■ **Description of the task**: Full transcription, minus images: write out the listing below exactly as it appears.

■ **Data block**:
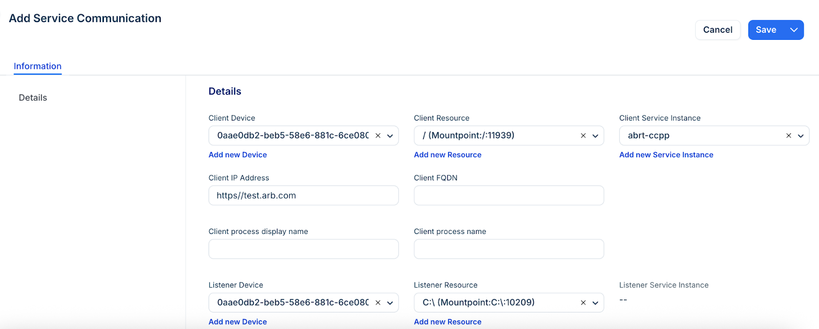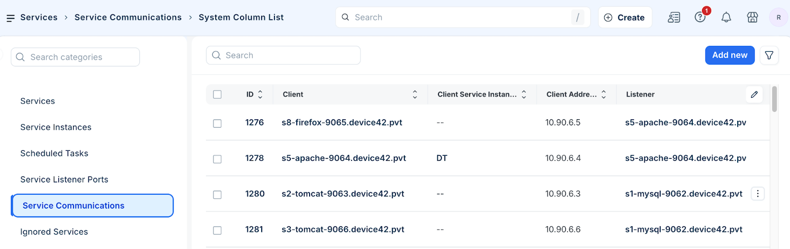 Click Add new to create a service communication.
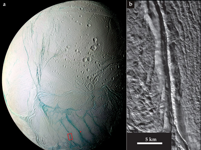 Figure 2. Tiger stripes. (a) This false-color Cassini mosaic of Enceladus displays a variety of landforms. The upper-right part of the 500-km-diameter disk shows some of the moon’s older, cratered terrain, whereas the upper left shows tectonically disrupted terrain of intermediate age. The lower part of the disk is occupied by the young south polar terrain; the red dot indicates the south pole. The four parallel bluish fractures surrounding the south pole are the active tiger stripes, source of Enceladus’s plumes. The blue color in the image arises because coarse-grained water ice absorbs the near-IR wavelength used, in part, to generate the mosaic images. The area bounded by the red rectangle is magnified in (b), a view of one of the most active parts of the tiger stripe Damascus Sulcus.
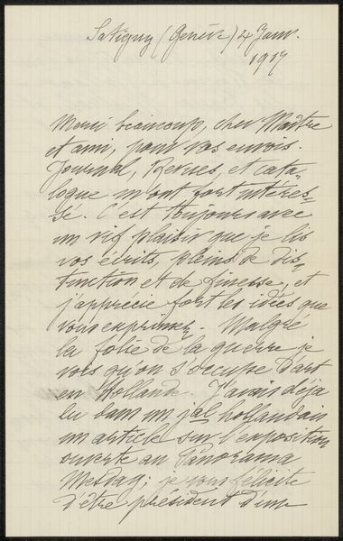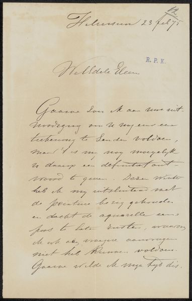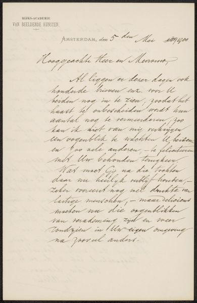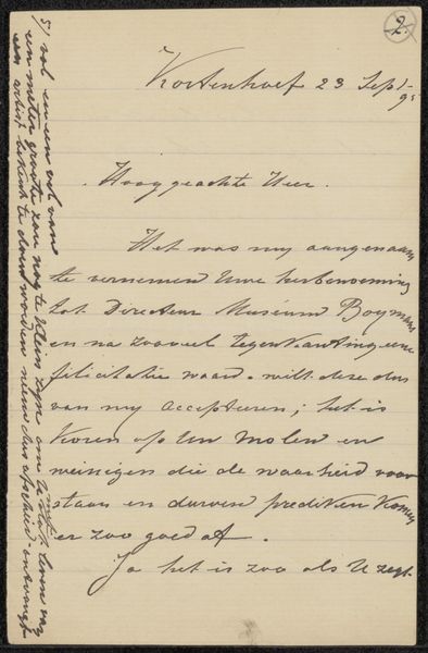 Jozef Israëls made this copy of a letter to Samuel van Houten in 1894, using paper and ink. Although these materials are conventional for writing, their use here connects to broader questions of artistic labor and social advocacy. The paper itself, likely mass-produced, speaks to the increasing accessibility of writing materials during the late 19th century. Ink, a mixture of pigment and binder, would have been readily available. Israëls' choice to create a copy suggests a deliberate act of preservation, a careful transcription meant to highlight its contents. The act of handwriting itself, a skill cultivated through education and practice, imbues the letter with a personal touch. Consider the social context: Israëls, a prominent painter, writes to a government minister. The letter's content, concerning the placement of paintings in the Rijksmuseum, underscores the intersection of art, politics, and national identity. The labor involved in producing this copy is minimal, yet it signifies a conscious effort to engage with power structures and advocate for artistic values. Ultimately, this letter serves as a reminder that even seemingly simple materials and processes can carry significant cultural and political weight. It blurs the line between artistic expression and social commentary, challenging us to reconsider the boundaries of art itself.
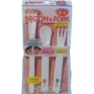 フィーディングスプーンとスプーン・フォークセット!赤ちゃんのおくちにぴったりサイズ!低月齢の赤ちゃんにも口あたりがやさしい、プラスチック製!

■ **Response box**:
 Click Add new to create a service communication.
 Figure 2. Tiger stripes. (a) This false-color Cassini mosaic of Enceladus displays a variety of landforms. The upper-right part of the 500-km-diameter disk shows some of the moon’s older, cratered terrain, whereas the upper left shows tectonically disrupted terrain of intermediate age. The lower part of the disk is occupied by the young south polar terrain; the red dot indicates the south pole. The four parallel bluish fractures surrounding the south pole are the active tiger stripes, source of Enceladus’s plumes. The blue color in the image arises because coarse-grained water ice absorbs the near-IR wavelength used, in part, to generate the mosaic images. The area bounded by the red rectangle is magnified in (b), a view of one of the most active parts of the tiger stripe Damascus Sulcus.
 Jozef Israëls made this copy of a letter to Samuel van Houten in 1894, using paper and ink. Although these materials are conventional for writing, their use here connects to broader questions of artistic labor and social advocacy. The paper itself, likely mass-produced, speaks to the increasing accessibility of writing materials during the late 19th century. Ink, a mixture of pigment and binder, would have been readily available. Israëls' choice to create a copy suggests a deliberate act of preservation, a careful transcription meant to highlight its contents. The act of handwriting itself, a skill cultivated through education and practice, imbues the letter with a personal touch. Consider the social context: Israëls, a prominent painter, writes to a government minister. The letter's content, concerning the placement of paintings in the Rijksmuseum, underscores the intersection of art, politics, and national identity. The labor involved in producing this copy is minimal, yet it signifies a conscious effort to engage with power structures and advocate for artistic values. Ultimately, this letter serves as a reminder that even seemingly simple materials and processes can carry significant cultural and political weight. It blurs the line between artistic expression and social commentary, challenging us to reconsider the boundaries of art itself.
 フィーディングスプーンとスプーン・フォークセット!赤ちゃんのおくちにぴったりサイズ!低月齢の赤ちゃんにも口あたりがやさしい、プラスチック製!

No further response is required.